* [Directions for this task]: In the entries below, find the line with "Комплект из двух", then set it down exactly along with each line after it to the end, skipping any pictures.
+++ Exercise data +++
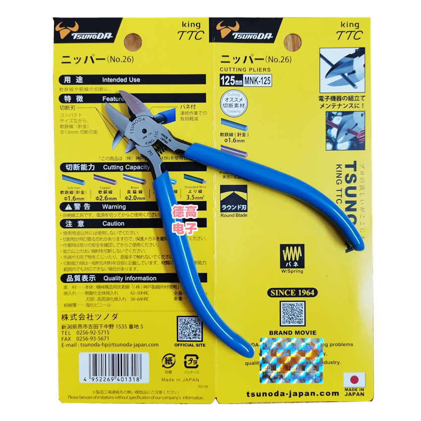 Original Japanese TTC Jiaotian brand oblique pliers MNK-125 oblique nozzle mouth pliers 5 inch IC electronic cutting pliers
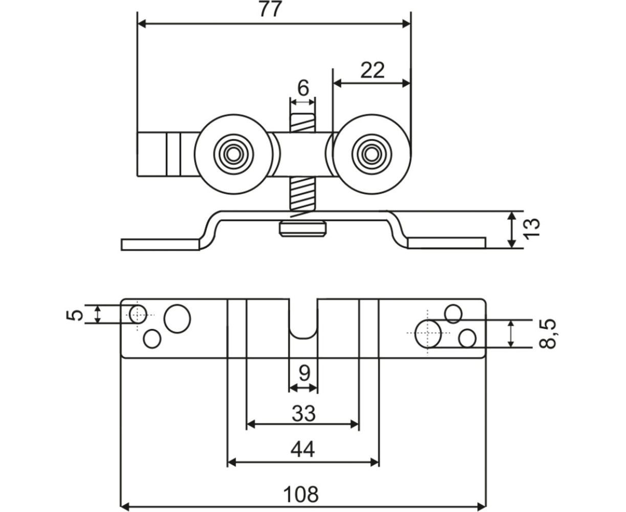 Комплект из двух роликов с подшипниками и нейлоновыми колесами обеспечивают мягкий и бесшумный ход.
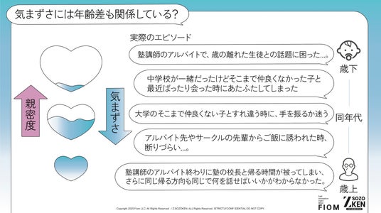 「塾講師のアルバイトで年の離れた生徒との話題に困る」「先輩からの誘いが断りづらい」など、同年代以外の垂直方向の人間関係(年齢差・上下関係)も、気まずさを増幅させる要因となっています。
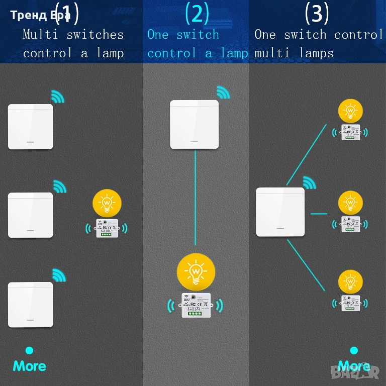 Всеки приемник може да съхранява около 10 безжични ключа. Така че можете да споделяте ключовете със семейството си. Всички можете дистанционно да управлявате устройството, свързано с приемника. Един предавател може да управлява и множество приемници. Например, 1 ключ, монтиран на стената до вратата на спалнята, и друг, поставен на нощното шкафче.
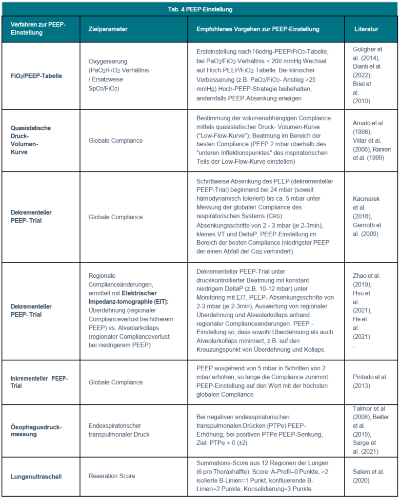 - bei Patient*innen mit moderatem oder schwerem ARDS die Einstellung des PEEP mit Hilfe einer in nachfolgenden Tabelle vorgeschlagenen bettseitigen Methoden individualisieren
+++
* [Reply to the task]:
 Комплект из двух роликов с подшипниками и нейлоновыми колесами обеспечивают мягкий и бесшумный ход.
 「塾講師のアルバイトで年の離れた生徒との話題に困る」「先輩からの誘いが断りづらい」など、同年代以外の垂直方向の人間関係(年齢差・上下関係)も、気まずさを増幅させる要因となっています。
 Всеки приемник може да съхранява около 10 безжични ключа. Така че можете да споделяте ключовете със семейството си. Всички можете дистанционно да управлявате устройството, свързано с приемника. Един предавател може да управлява и множество приемници. Например, 1 ключ, монтиран на стената до вратата на спалнята, и друг, поставен на нощното шкафче.
 - bei Patient*innen mit moderatem oder schwerem ARDS die Einstellung des PEEP mit Hilfe einer in nachfolgenden Tabelle vorgeschlagenen bettseitigen Methoden individualisieren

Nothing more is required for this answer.